Tutaj widok z okna balkonowego. Czyż zielona mgiełka w oddali nie jest fantastyczna?
A tu bratki na balkonie. Skrzynka oczywiście jest biała.
Pogoda dziś znowu była łaskawa, zrobiło się przyjemnie ciepło i dlatego popołudniową kawę wypiłam na balkonie. Zainaugurowałam w ten sposób letni czas picia kawy, choć do pełni sezonu jeszcze daleko, szczególnie do porannej kawy.
Dawno nie dawałam/nie pisałam kulinarnie, dlatego dziś pokazuję dwa zdjęcia. Pierwsze to filet z indyka faszerowany szpinakiem, serem i pieczony w cieście francuskim. Do tego rukola z roszpunka polane sosem z oliwy z oliwek i żurawiny z płatkami migdałów.
Filet z indyka w cieście francuskim:
- jeden filet z indyka ( waga ok 1 kg, może być mniejszy)
- mrożone ciasto francuskie
- szpinak ( mrożony lub świeży - ja miałam mrożony)
- ser Gouda Grande
- pieprz, sól, majeranek
- ząbek czosnku
- 1/4 kostki rosołowej warzywnej
- masło
ciasto francuskie rozłożyć, naciąć na bokach w paski
filet rozciąć ( zrobić z niego "kieszonkę), rozbić, posolić, popieprzyć, posypać majerankiem )
do środka włożyć plaster sera, szpinak,
całość przełożyć na ciasto francuskie i spleść warkocz naciętymi paskami
Piekarnik rozgrzać do temp 150 st. włożyć ciasto na blaszce, piec ok 40 min w temp 220st. (ciasto można posmarować białkiem)
Sałatka z rukoli
- paczka rukoli i roszpunki
- garść żurawiny
- płatki migdałowe
- oliwa
- pieprz, majeranek do smaku
żurawinę namoczyć w wodzie, czekać aż "zabierze" wodę, stanie sie miękka
zalać oliwą, dodać przyprawy do smaku, dobrze wymieszać
rukolę umyć, podrzeć na cząstki ( ja dodałam jeszcze roszponkę) wsypać do miski
posypać płatkami migdałowymi
polać sosem, całość dobrze wymieszać
Natomiast danie poniżej to filet z tołpygi panierowany w mące kukurydzianej, do tego ryz na sypko z kardamonem (stad taki kolor) i surówka z młodej kapusty
Filet z tołpygi
- jeden płat filetu kroję na części i dzień wcześniej sole, układam w misce i zostawiam na noc
- na drugi dzień filety myję, oprószę mąką i układam na papierze do pieczenia w foremce. kładę na to po listku masła i piekę w piekarniku ok 30-40 min.
Surówka z młodej kapusty
- pół główki kapusty/zależnie od wielkości, trzeba też pamiętać, ze kapusta lubi "siadać" wiec lepiej zrobić więcej
- 1 marchew
- sól, cukier, pieprz, majeranek
- łyżka majonezu, łyżka jogurtu
- koper
marchew obrać i zetrzeć na tarce jarzynowej, wymieszać z kapustą
posypać koprem, przyprawami wg uznania
z łyżki majonezu i jogurtu (może być sam jogurt) zrobić sos - polać surówkę, gdy ta już lekko puści sok
wymieszać, odstawić, aby się "przegryzła".

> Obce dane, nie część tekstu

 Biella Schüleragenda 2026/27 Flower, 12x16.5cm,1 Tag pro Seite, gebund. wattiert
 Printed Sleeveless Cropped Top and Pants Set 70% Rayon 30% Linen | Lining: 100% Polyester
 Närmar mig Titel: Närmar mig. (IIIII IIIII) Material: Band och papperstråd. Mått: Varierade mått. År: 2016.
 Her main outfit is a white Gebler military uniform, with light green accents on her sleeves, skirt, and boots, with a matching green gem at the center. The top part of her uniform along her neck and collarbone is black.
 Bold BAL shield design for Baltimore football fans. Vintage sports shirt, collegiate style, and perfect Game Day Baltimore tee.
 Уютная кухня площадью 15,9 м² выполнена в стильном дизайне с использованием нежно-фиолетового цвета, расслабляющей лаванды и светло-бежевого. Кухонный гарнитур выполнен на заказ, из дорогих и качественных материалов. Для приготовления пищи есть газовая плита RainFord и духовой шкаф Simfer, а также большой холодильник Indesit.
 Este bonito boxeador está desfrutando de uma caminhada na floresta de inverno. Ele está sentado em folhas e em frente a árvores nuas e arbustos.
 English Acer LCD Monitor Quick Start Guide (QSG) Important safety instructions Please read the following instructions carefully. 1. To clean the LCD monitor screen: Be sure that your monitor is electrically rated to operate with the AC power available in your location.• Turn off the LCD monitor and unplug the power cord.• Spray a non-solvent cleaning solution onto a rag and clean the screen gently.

Moja Kopia uwielbia te surówkę.. robię młodą kapustę duszona, ale o tym innym razem.
A czytającym (serdecznie witam czytelników z Rosji, Australii i Kanady - radość, radość..) życzę spokojnych świat o wiosennej aurze i spokoju ducha..
To tak na wszelki wypadek, gdybym już nic nie pisała.
Podoba mi się Twoja potrawa z indyka, również lubię drób z niespodzianką w środku.
OdpowiedzUsuńLubię biel, bo jest według mnie idealnym tłem. Wszystkie małe, barwne akcenty zyskują, gdy prezentowane są na białym tle. Biel też dodaje świeżości, tchnie spokojem, czystością i równowagą. Przez długi czas miałam bzika na punkcie białej pościeli i białych obrusów. Trochę mi już przeszło, ale Twoją pasję rozumiem bardzo dobrze :)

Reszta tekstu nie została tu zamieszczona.